You should revise your keywords and create ad groups with lower-competition keywords. These are usually long-tail keywords; while they have lower search volume, they cost less, and some perform well as well. It sounds tricky, but spending time searching for low-competition keywords can make the difference since you will get conversions at a lower cost.
4. Add more negative keywords
Something that should be part of your weekly routine is to review your ‘search keywords’ and identify negative keywords. Negative keywords are ‘wasting’ your budget on clicks you do not want and making your campaigns less competitive.
If you do not already have a negative keywords list (at the campaign or ad group level), you are almost certain to bid on keywords irrelevant to your business, which is one reason for high CPC costs.

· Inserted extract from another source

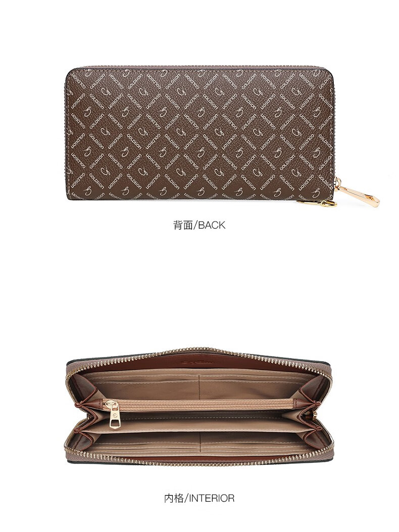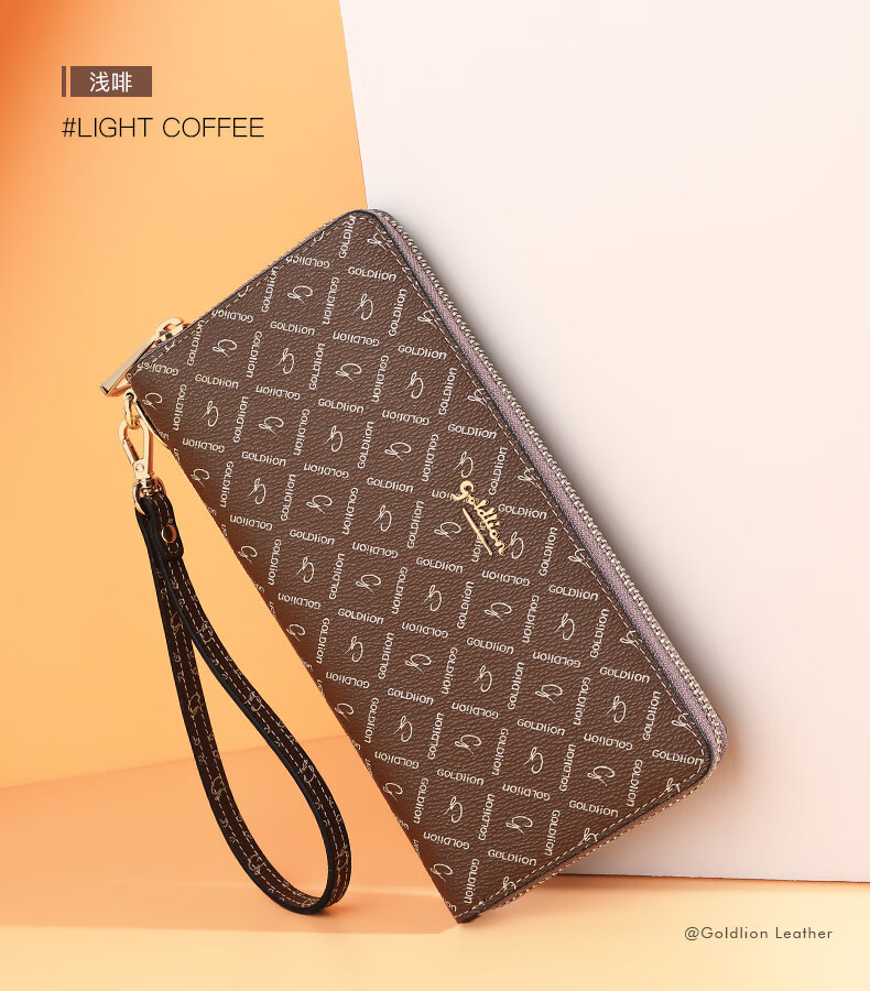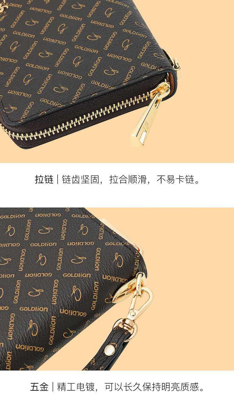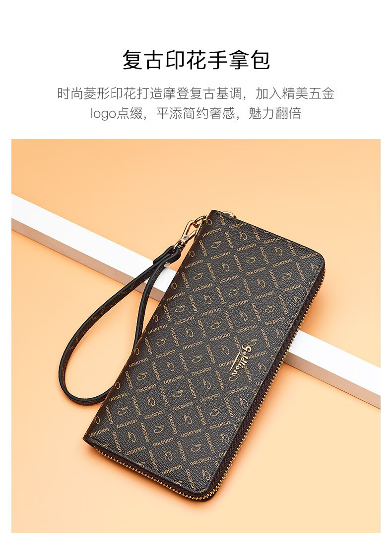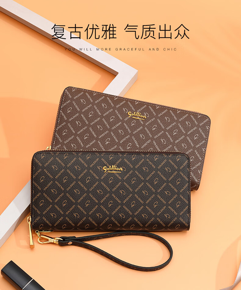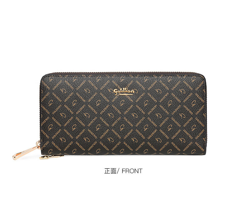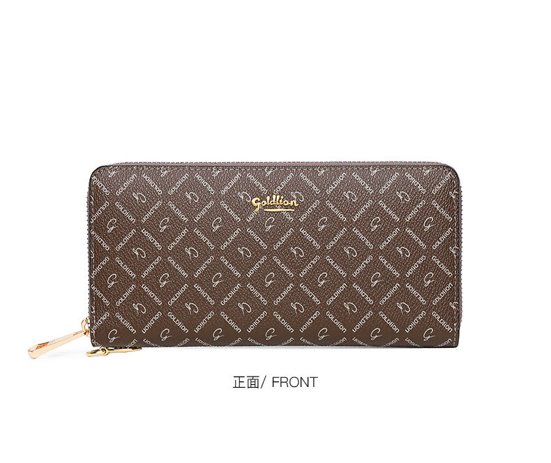 Goldlion Wallet Women's 2025 New Clutch Printed Long Zipper Multifunctional Coin Purse Women's Wallet Clutch Dark Brown

Understand how keyword-matching options make your negative keyword list even more effective.
5. Review your landing pages
One of the factors associated with CPC costs is the relevancy of the landing page. The ad landing page indirectly affects your quality score and costs. Some things to know about AdWords landing pages:
Don’t always redirect users to the home page but rather to a page dedicated to the products or services advertised in the ad.
Make sure that Google can easily understand the topic of the landing page. Include page titles, descriptions, headings, and content that ‘matches’ your keywords and ad message.
Create different landing pages for different products. You don’t have to redirect all AdWords users to the same landing page; instead, create different landing pages for your advertising products or services.
Do your landing page experiments correctly. While it’s good to experiment with different landing pages, calls to action, etc., you will be wasting your time if you do this incorrectly. What is important is to make only one set of changes at a time, not many things together.
For example, if you change your Adwords campaigns (ads, keywords, etc.), don’t change your landing pages simultaneously since you won’t know which generated better or worse results.
Final thoughts
I like it a lot not only because of the benefits it brings to businesses but also because of the nature of the system; a beginner can use it by letting Google deal with the details or a more advanced user who likes to optimize their PPC campaigns and looks at every part in detail.
The five ways outlined above are certainly not the only ones to help you lower your costs. Other ways, like reviewing your ad copy, enabling Google Ads conversion tracking, using ad extensions correctly, and many more, can help you increase your profit margins while increasing sales.
What methods are you using to lower your CPC costs?